Held at the unique Bedford Autodrome - designed from scratch by former F1 driver Jonathan Palmer and tucked away in the Bedfordshire countryside near Thurleigh - The Circuit saw the celebs competing against each other to raise money for the NSPCC.

First held in 2009 by NSPCC Sports Board members Nick Mason (Pink Floyd’s drummer) and Paul Richardson from Barclay’s Wealth with the support of former F1 driver Mark Blundell, the event raised almost £100,000.

Six teams, led by celebrity captains including former English rugby union player Austin Healey, Carol Smillie, former F1 driver Tiff Needell and Eddie ‘the Eagle’ Edwards, battled it out on the track. They got behind the wheel of a number of top range cars such as the Caterham 7 Superlight and Ariel Atom.

Falkands war veteran Simon Weston OBE was one of the captains. He said: “It’s been amazing and I think it’s something everybody should try once.
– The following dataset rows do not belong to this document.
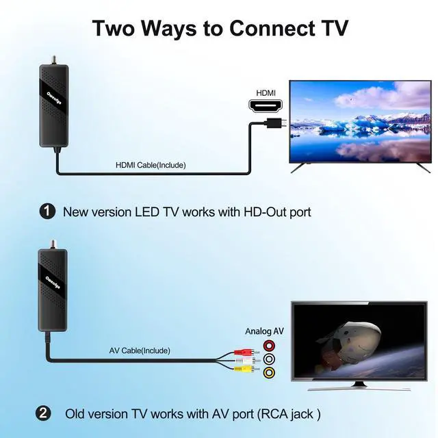 *Note: Not compatible with TVs that only have an RF input. ^^ You can play video, music and view photos, or recorded TV shows from your USB storage device. Real-time DVR recording of digital converter box allows you to record TV shows for future watch, timer setting can be scheduled recording at any time you want. (Incompatible with streaming programs) ^^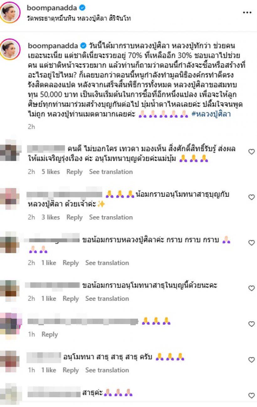 อีกหนึ่งดาราสาวที่สายบุญมากๆสำหรับ บุ๋ม ปนัดดา ล่าสุดเธอได้มีโอกาสเดินทางไปกราบหลวงปู่ศิลา ที่วัดพระธาตุหมื่นหิน หลวงปู่ศิลา สิริจันโท โดยโพสต์ภาพลงอินสตราแกรมส่วนตัว @boompanadda พร้อมแคปชั่นระบุว่า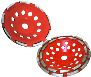 Gediamanteerde slijpkop voor gebruik op haakse slijpmachines en betonschaven voor het slijpen van grote oppervlakken beton, natuursteen, vuurvaste steen enz. Door de plaatsing van de gediamanteerde segmenten op de buitenrand wordt een agressief slijpvermogen verkregen.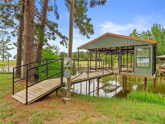 If serenity & simplicity is what you're looking for, look no further! This property not only has a backyard to bird-watch & feed squirrels, but comes with boat shed that holds 2 boats in beautiful Toledo Bend reservoir. Lots of space to clean your fish on back patio. Attached storage with roll-up door provides a safe place to keep your sporting or lawn equipment. All 3 bedrooms feature en suite bathrooms. Open kitchen & living room with vaulted ceilings makes a perfect place for gathering friends & family.
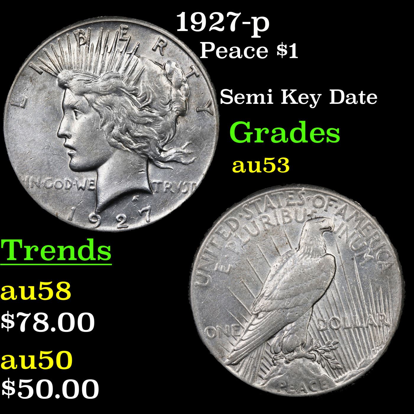 1927-p Peace Dollar $1 Grades Select AU. The 27-p is the big sleeper of numismatics in my opinion. It has the 2nd lowest mintage in the whole Peace dollar series. Lower than the 34-s, the 21-p, yet it does not command its proper value. Good coin to own multiple of and save, in my opinion, but if you've been coming to our auctions for a while you will have seen that this has always been my opinion.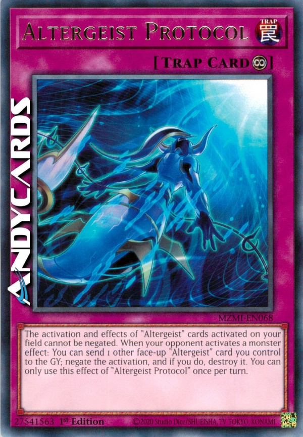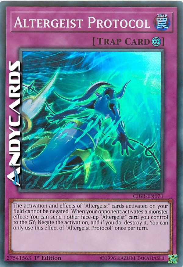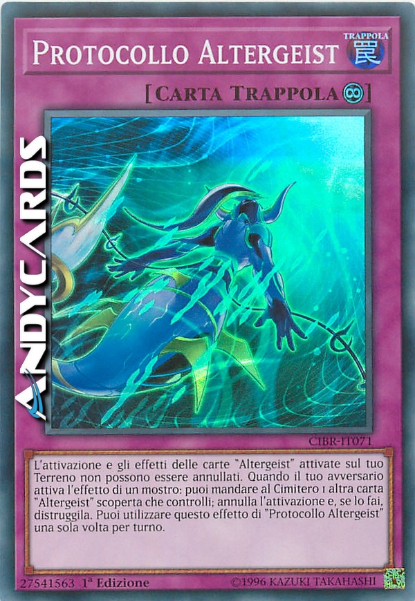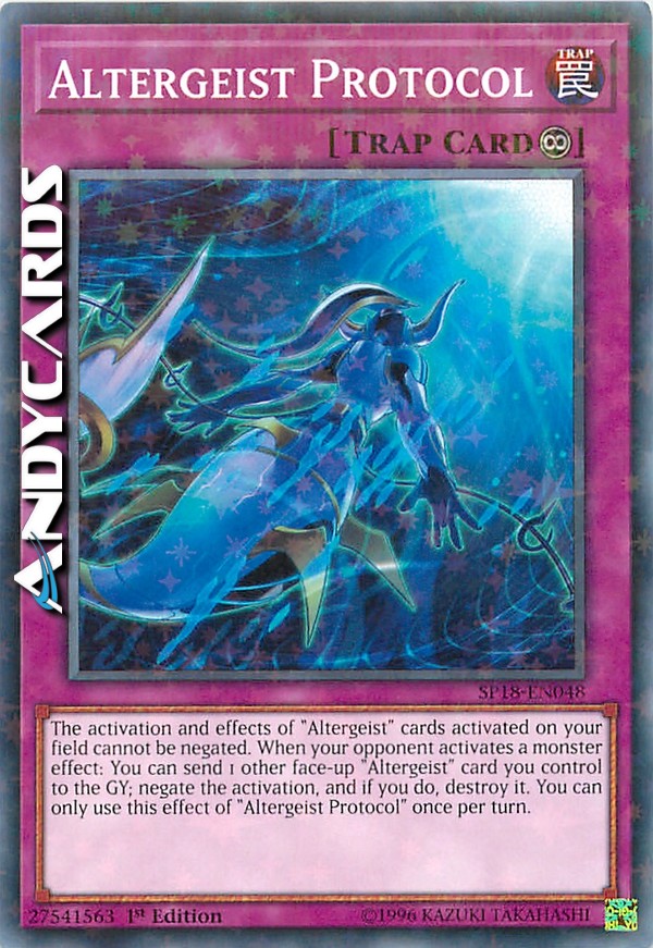 L'attivazione e gli effetti delle carte "Altergeist" attivate sul tuo Terreno non possono essere annullati. Quando il tuo avversario attiva l'effetto di un mostro: puoi mandare al Cimitero 1 altra carta "Altergeist" scoperta che controlli; annulla l'attivazione e, se lo fai, distruggila. Puoi utilizzare questo effetto di "Protocollo Altergeist" una sola volta per turno.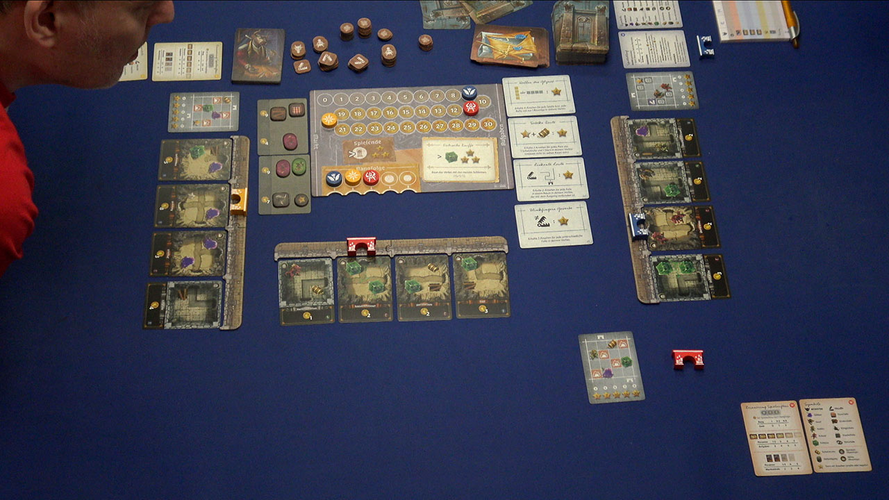 Willkommen in der Welt der Goblins, der Schatztruhen und der bösartigen Fallen! In „Dungeon Designer“ muss jeder Spieler sein eigenes Verlies bauen - aber dabei gilt es, viele Vorgaben zu beachten. Denn nur wer das perfekte Verlies baut, das möglichst viele Aufgaben erfüllt, sahnt am Ende auch die meisten Punkte ab. Wer am Tisch wird hier der Dungeon Master?
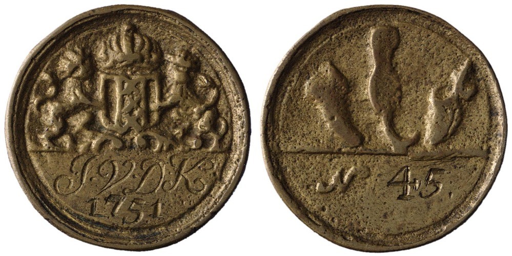 monogram / datering voorzijde in het veld onder het wapen van Amsterdam: J.V.D.K. / 1751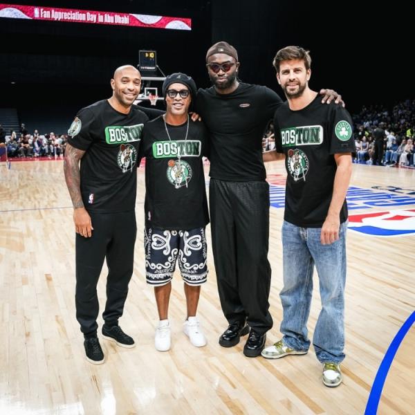 赛后,绿军官方晒出杰伦-布朗与足坛名宿罗纳尔迪尼奥、亨利和皮克的合照。值得一提的是,小罗、亨利和皮克都曾在西甲豪门巴塞罗那队效力。
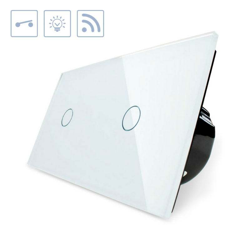 Interruptor doble de 2 cuerpos con 2 encendidos en color blanco con función de control remoto (vía RF). Interruptor eléctrico de empotrar con cuerpo de aluminio y panel frontal táctil iluminado de cristal templado con acabado de alta calidad y diseño minimalista.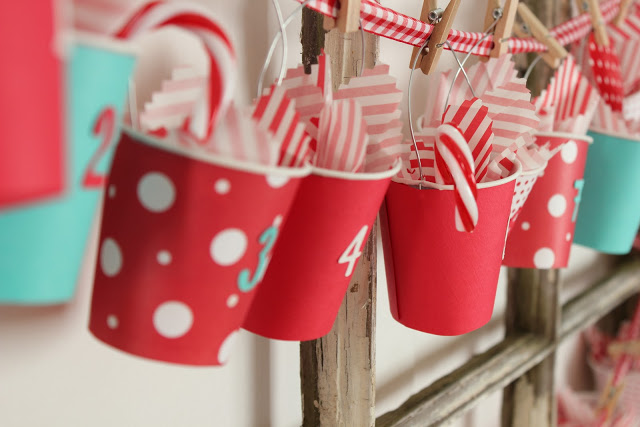 Просто натяните ленточку, повесьте на нее стаканчики с помощью прищепок, заполните их выбранными Вами мелочами, и Ваш адвент-календарь готов!
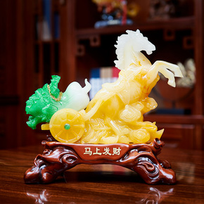 马上发财家居办公室树脂工艺品马拉白菜摆件乔迁开业礼...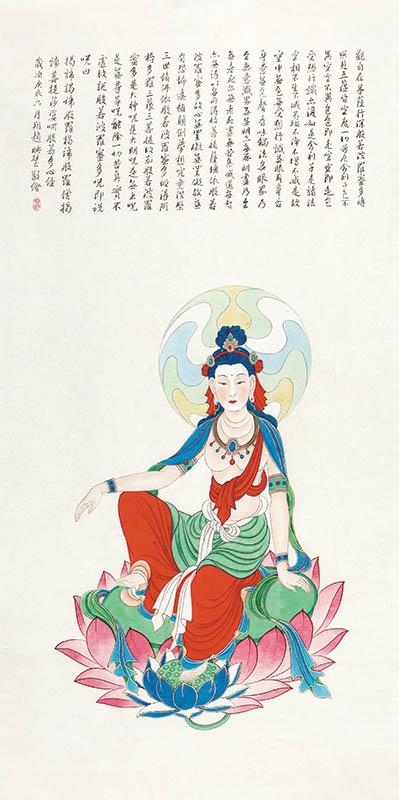 简介:赵映璧(b.1955):女,四川阆中人。四川巴蜀书画院特聘画师,著名画家赵蕴玉先生之女,深得其书画精髓,承袭其技法真章,且推陈出新,卓有建树。 款识:观自在菩萨,行深般若波罗蜜多时,照见五蕴皆空,度一切苦厄。舍利子,色不异空,空不异色,色即是空,空即是色,受想行识,亦复如是。舍利子,是诸法空相,不生不灭,不垢不净,不增不减。是故空中无色,无受想行识,无眼耳鼻舌身意,无色声香味触法,无眼界,乃至无意识界。无无明,亦无无明尽,乃至无老死,亦无老死尽。无苦集灭道,无智亦无得。以无所得故,菩提萨埵,依般若波罗蜜多故,心无罣碍,无罣碍故,无有恐怖,远离颠倒梦想,究竟涅磐。三世诸佛,依般若波罗蜜多故,得阿耨多罗三藐三菩提。故知般若波罗蜜多,是大神咒,是大明咒,是无上咒,是无等等咒,能除一切苦,真实不虚。故说般若波罗蜜多咒,即说咒曰:揭谛揭谛 波罗揭谛 波罗僧揭谛 菩提萨婆诃。《般若多心经》,岁次庚辰六月朔,赵映璧敬绘。 备注:附画家本人与该作品合影照片。

And it’s for such a wonderful cause.”

Throughout the day, guests were also invited to bid on a range of exclusive auction lots, including high octane super-rides in a two-seater McLaren MP4-12C with professional racing drivers Rob Huff, Tiff Needell and Tim Mullen which prompted heated bidding and eventually fetched almost £5,000.

Speaking about the event, former F1 driver Mark Blundell, said: “There was a lot of friendly rivalry out there on the track with professional racing drivers taking on celebrities and guests in a race to be crowned champions of The Circuit 2013.”

And fresh from winning Splash, British skier Eddie ‘The Eagle’ Edwards, who lived in Bedford following the 1988 Winter Olympics, was hoping for victory but admitted he spent more time ‘facing the other way’.

All funds raised from the event will help the NSPCC to protect vulnerable children through its projects and services including ChildLine.